With the rise of ransomware, hackers have become more and more able to simply demand your credentials, threatening blackmail or data loss if you don’t comply.
Keeping Your Password Private
Now that you know how hackers access your passwords, what can you do to keep your precious data safe?
The Power of Robust Passwords and Passphrases
First, it truly is critical to create passwords that are difficult to crack. That goes beyond simply avoiding common passwords, however.
Long passwords – think between 8 and 14 characters – with a mix of uppercase and lowercase letters, numbers, and special characters – are harder to break even with artificial intelligence (AI) and brute-force attacks.
Random chains really are your best bet, as things like birthdays, places of birth, pet names, family members’ names, and so on can easily be gleaned from social media oversharing. Random password generators can be your friend here, helping you create a truly random string to use but can be difficult to memorize.
This is why modern password trends are leaning toward “passphrases.” These are, quite literally, short sentences, mixed with other key features (mixing letter cases, numbers, and special characters) that are easier to remember. Think something like “Suz@nL!kes3Cupc@kes4Bre@kfast.”
Your brain retains the core sentence – Susan likes three cupcakes for breakfast – easily, yet it’s a robust and strong password that won’t be easily guessable. Needless to say, you shouldn’t use your own name or familial details in your passphrase.
Using the same password across logins is easier on the brain, but is a bad practice. If a hacker gets the password once, he now has access to everything. Even a small change in password choice offers better protection. At least make sure critical areas like your banking, investment, and work server are not tied to the same throwaway password you used once on a shopping site.
For companies, running “password audits” that check both compliance with robust standards and that passwords are regularly being changed is a smart strategy. It’s a good idea to change critical passwords at least annually even as an individual, too. This helps invalidate data gained in data breaches and makes you less vulnerable as a target.
Phishing yields frighteningly good results for hackers, especially as attempts get more sophisticated. No matter how legitimate an email looks, never enter password data into a form because an email told you to. Few legitimate institutions will ever ask this from you, so be vigilant and use common sense. Be sure to check the website you’re directed to and the email address it is sent from at a deep level. If you still feel it’s legitimate, contact the institution through its call center or online help desk and confirm the request is legitimate.
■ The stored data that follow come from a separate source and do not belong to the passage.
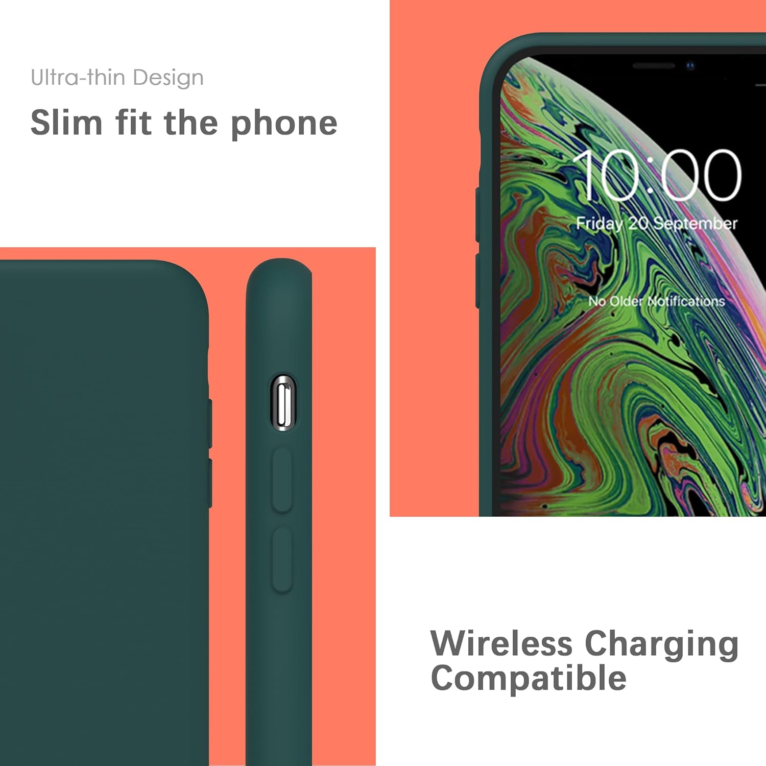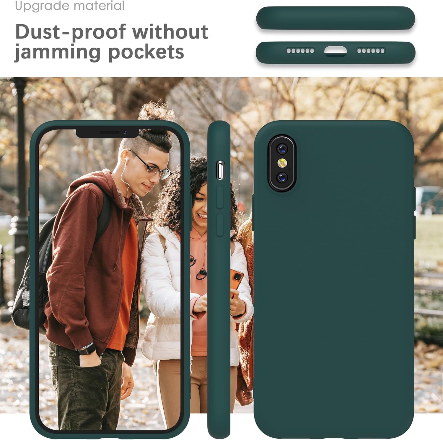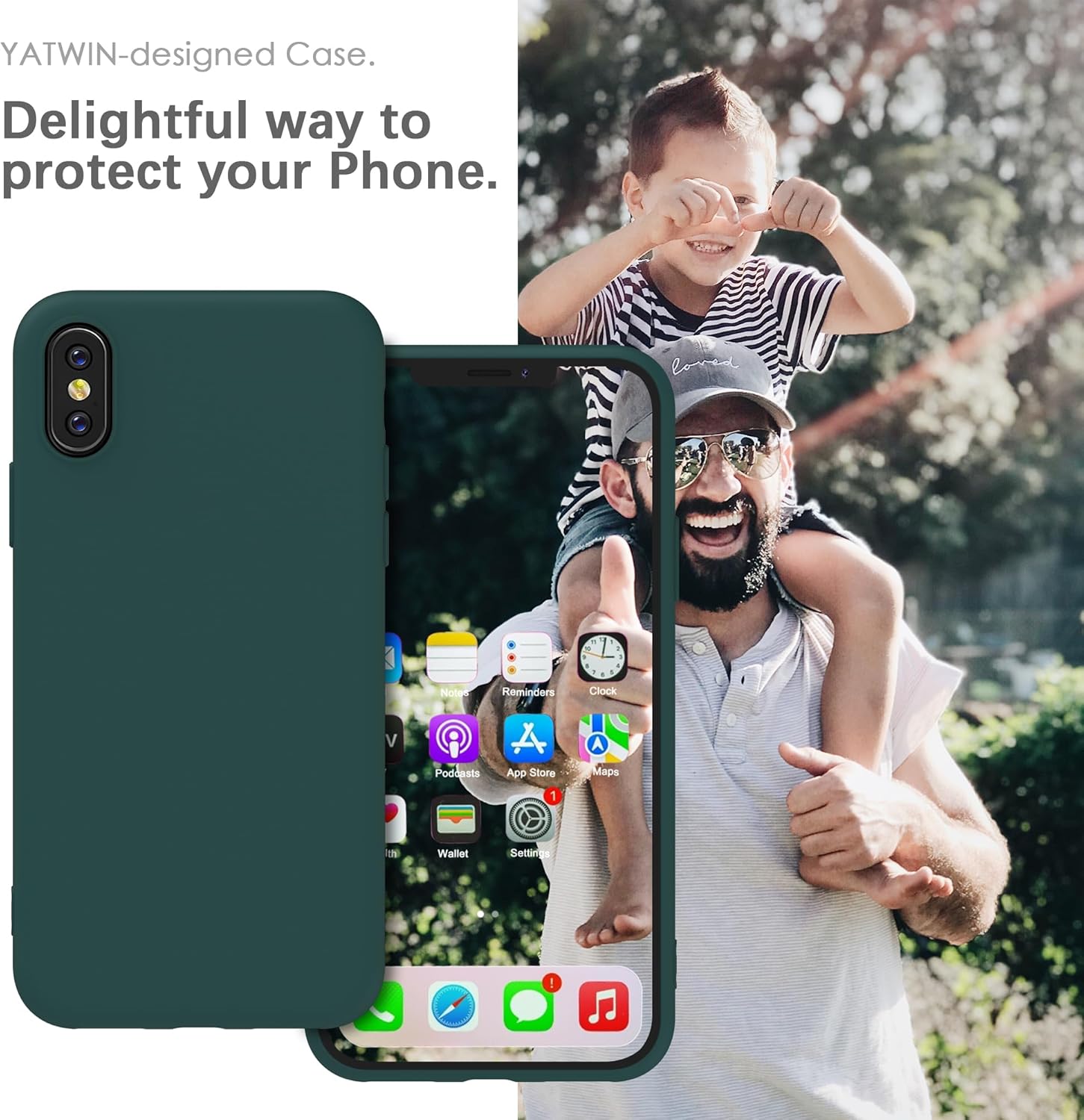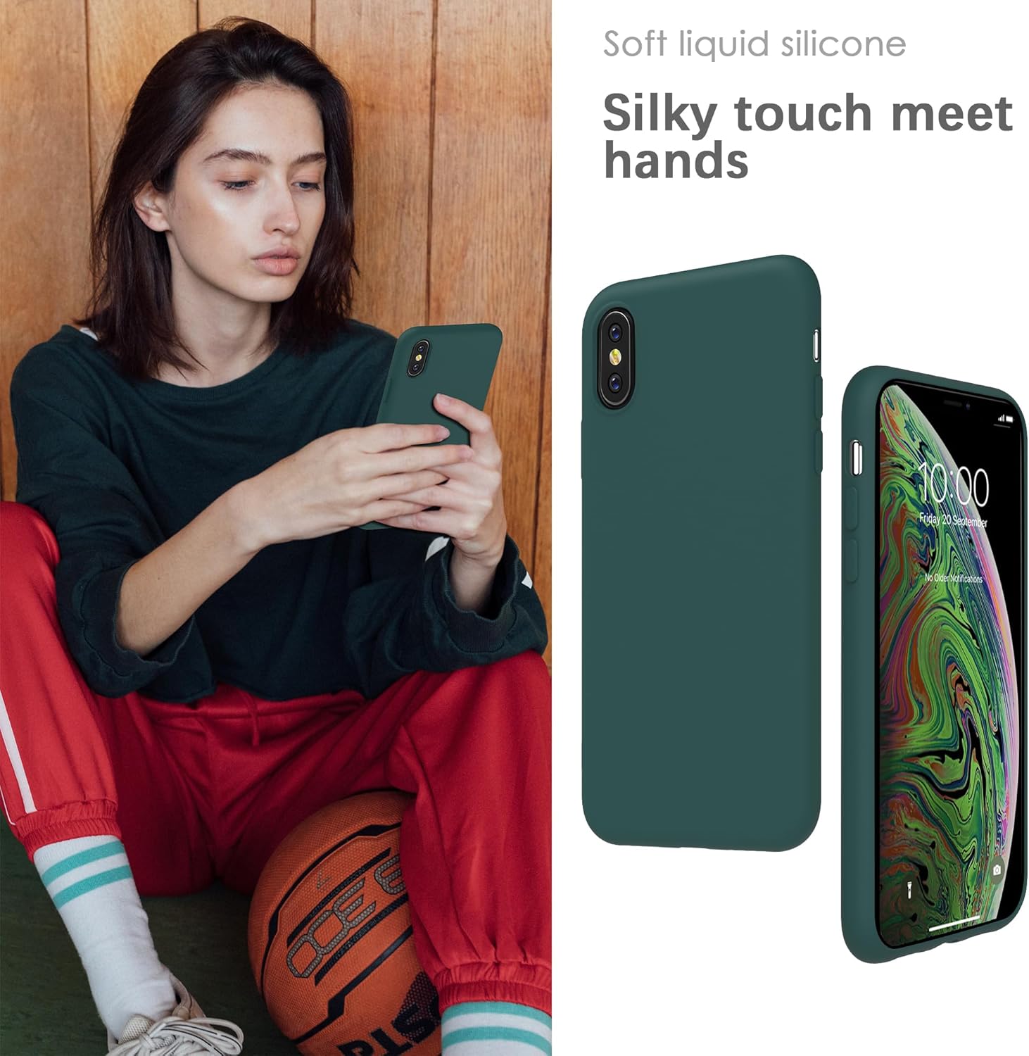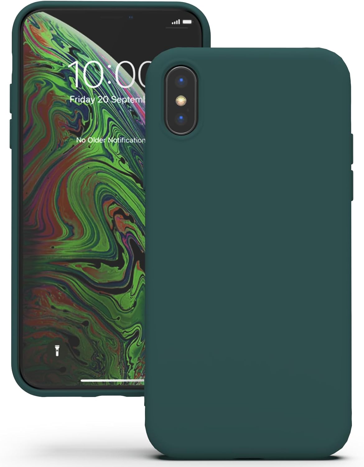 YATWIN Кейс за iPhone X, Кейс за iPhone XS, Премиум силиконов кейс за мобилен телефон с копринено меко покритие, Ултра тънък, Удароустойчив, Устойчив на надраскване, Защитен кейс, Зелен
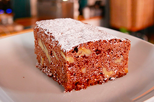 201 Schoko-Nuss-Brownie Ein grosszügiges Stück Walnuss-Brownie mit karamellisierten Haselnüssen
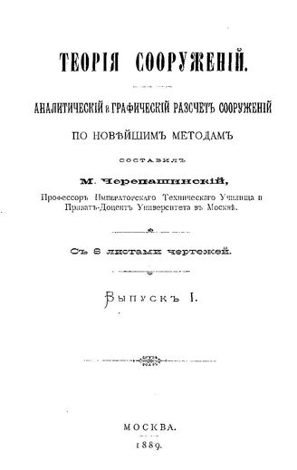 Черепашинский М. Теория сооружений. Аналитический и графический расчет сооружений по новейшим методам. Выпуск I / М. Черепашинский. - 234.
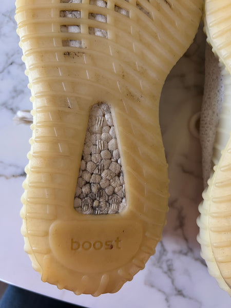 Bon état général (sauf semelles manquantes) Marque : Yeezy Pointure 38 2/3 Pour la longueur je mesure 1m71 Prix d'achat Neuf: 250€
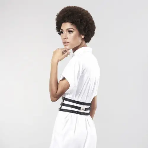 Данная модель портупеи представлена в виде роскошного пояса из трех ремешков, который внешне аналогичен коже. Аксессуар прекрасно сочетается и с платьем, и с рубашкой, и с эротическим бельем. Из-за того, что застежки можно регулировать по длине и ширине, портупея будет хорошо сидеть практически на любой фигуре.
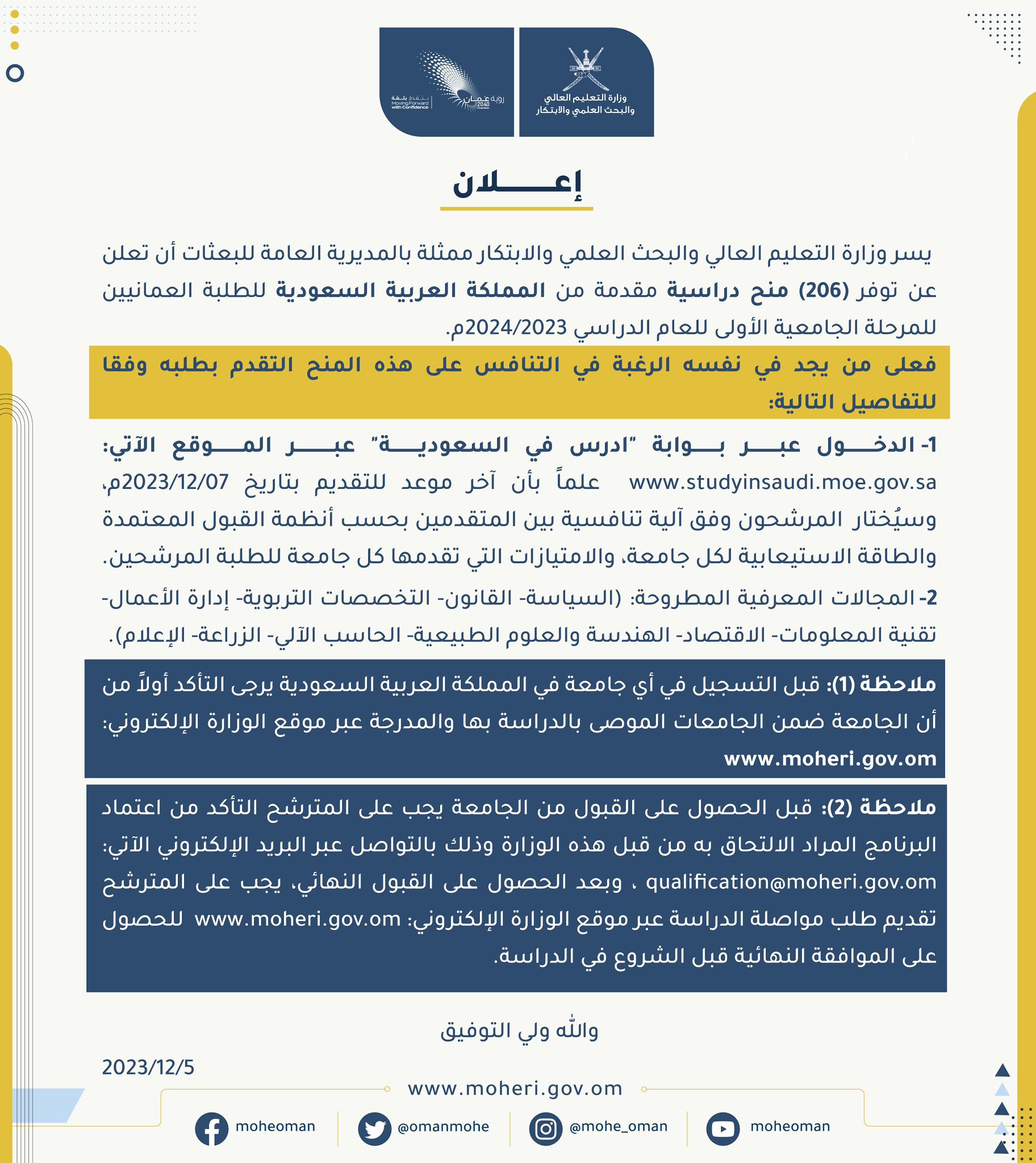 التعليم العالي - توفر (206) منح دراسية مقدمة من المملكة العربية السعودية للطلبة العمانيين للمرحلة الجامعية الأولى للعام الدراسي 2023/2024م.
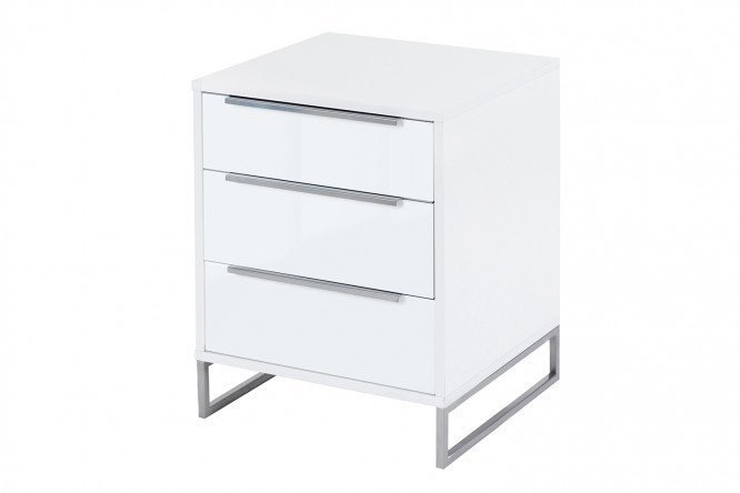 The glass fronts of the drawers create an unusual play of light in the room, giving the entire room an even more modern look. The furniture body is made of laminated chipboard, a wear-resistant and durable material that does not require special care.
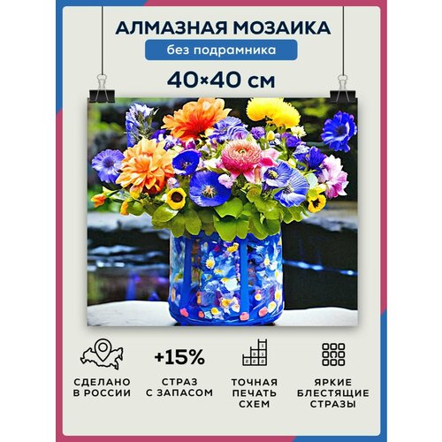 Купить Алмазная мозаика 40×40 Цветы в вазе без подрамника с доставкой по всей России. Алмазная мозаика 40×40 Цветы в вазе без подрамника: сравнение цен, характеристики, фото, актуальное наличие и цены.
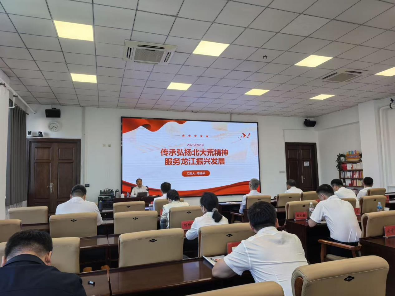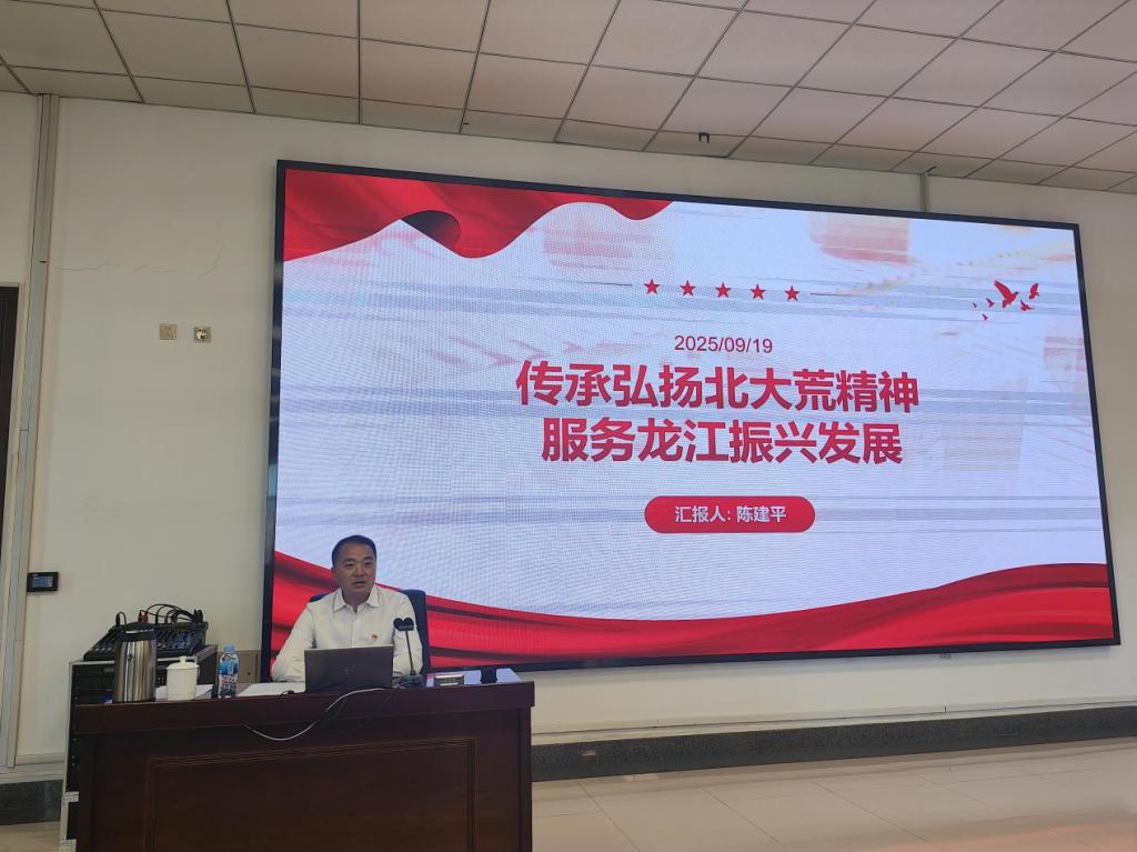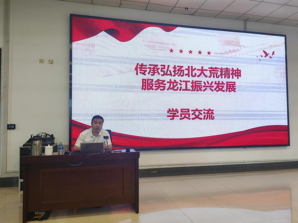 活动在庄重热烈的氛围中拉开帷幕。中青班学员临时党支部书记陈建平以《传承弘扬北大荒精神,服务龙江振兴发展,争做担当龙江振兴发展重任的中青年骨干》为题为全体学员讲授思政课和党课,紧紧围绕北大荒精神的历史传承、核心内涵、时代价值和实践要求,从“北大荒精神历史传承、北大荒精神核心内涵、新时代传承弘扬北大荒精神、凝聚龙江振兴的磅礴力量、牢记习近平总书记的嘱托”五个方面,系统解读了“自力更生、艰苦创业、勇于开拓、甘于奉献”的北大荒精神形成历程、时代价值和实践意义。通过大量生动案例和数据,深情回顾了北大荒开发建设者们用青春、热血甚至生命书写的光辉篇章,深刻阐释了北大荒精神作为中国共产党人精神谱系重要组成部分的丰富内涵。
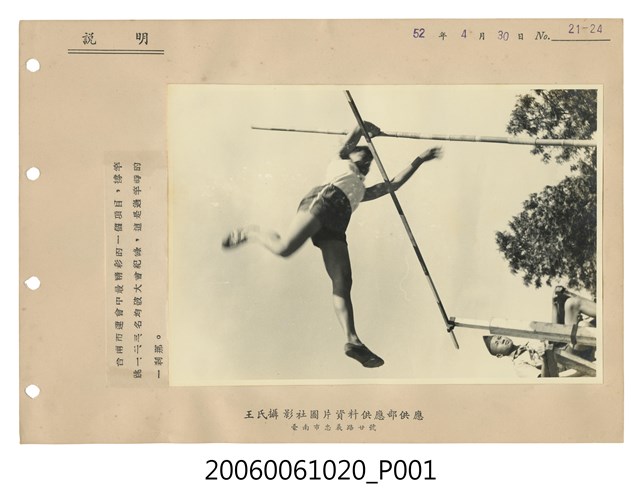 本物件為臺南市運會中最精彩的一個項目之撐竿跳,照片中為撐竿跳選手藉由竿子,越過橫桿的一瞬間,一旁有1位裁判坐於高椅之上,照片貼於紙卡中央,紙卡左側有4個穿孔可收集成冊,左上有「說明」黑色字樣,照片左方黏貼1張紙條書寫「台南市運會中最精彩的一個項目,撐竿跳一、二、三、名均破大會紀錄,這是過竿時的一剎那。」字樣,右上以印刷及蓋章方式書寫「52年4月30日 No. 21-24 」字樣,下方有「王氏攝影社圖片資料供應部供應 臺南市忠義路廿號字樣」黑色字樣。

Data Breaches and Two-Factor Identification
There’s little you can do about mass attacks against institutions like credit bureaus leaking your data. All you can do on your side is stay aware of breaches, and act to change immediately if you are warned. Freezing your credit and setting up two-factor authentication (2FA) on important accounts can help limit intrusive access from these leaks.
2FA introduces a second confirmation source before an account can be accessed, often a PIN sent to your phone or email. That provides a second layer of security, making a password breach less damaging.
Malware Best Practices
Regular scans and robust PC health helps reduce the chances of keyloggers remaining on your computer. Being careful and sensible in what sites you visit and what documents you open also helps keep you safe from ransomware attacks and extortion attempts. So does maintaining regular backups, so you are never left pleading with cybercriminals for critical data you can’t restore or roll back to.
Keeping robust password security is critical in today’s digital world. With these tips, you can keep your data private and make yourself less vulnerable to cyber attacks and data loss.